PhD in Technical Sciences, Founder, Aigents, Architect, SingularityNET, RIAC Expert

ChatGPT technology, for the first time in the half-century history of research in Natural Language Processing (NLP), made it possible to solve the task of summarizing texts with a quality acceptable for practical use. One of the new services based on this technology is ChatPDF, a service for generating short “extracts” from scientific articles and documents in different languages.

Today, LLM and MLLM-based solutions may well improve the productivity of those who work with text, graphics, and uncomplicated program code—in cases where one does not need a hundred percent guarantee of adequacy and quality, or the user acts as a critic, picking up “hints” or “prompts” and making sure the output is adequate.

The use of such technologies at the state level or for political and marketing purposes can lead to a qualitatively new level of manipulating the public consciousness, based on massive generation and delivery of highly realistic text, audio and video content with a preset orientation.

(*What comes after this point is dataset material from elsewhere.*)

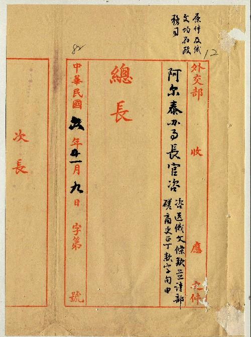 阿爾泰辦事長官(民國06年01月)。[件名:咨送俄文條款並請部磋商更正丁款字句由]。《數位典藏與數位學習聯合目錄》。http://catalog.digitalarchives.tw/item/00/0a/35/fc.html(2025/05/20瀏覽)。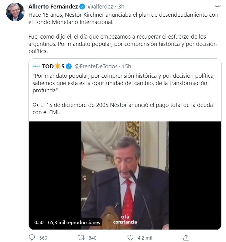 A través de un breve posteo que replica otro de la cuenta oficial del Frente de Todos, que muestra un video del momento en que Kirchner proclamaba la cancelación de los compromisos asumidos con el FMI, Fernández no dudó en cargar nuevamente de épica una acción considerada icónica por los adherentes al kirchnerismo.

Neuro marketing will be automated and put on an assembly line. Superiority in hybrid and information warfare may lie with whoever is able and willing to turn these technologies into weapons.

The economics of dialog systems like ChatGPT also leaves much to be desired for now, as compared to traditional Internet searches. Conventional keyword searching is based on extracting a set of potentially relevant links and document fragments based on indexing the entire corpus of source documents and pages on the Internet by individual words, for the user to independently comprehend the search results.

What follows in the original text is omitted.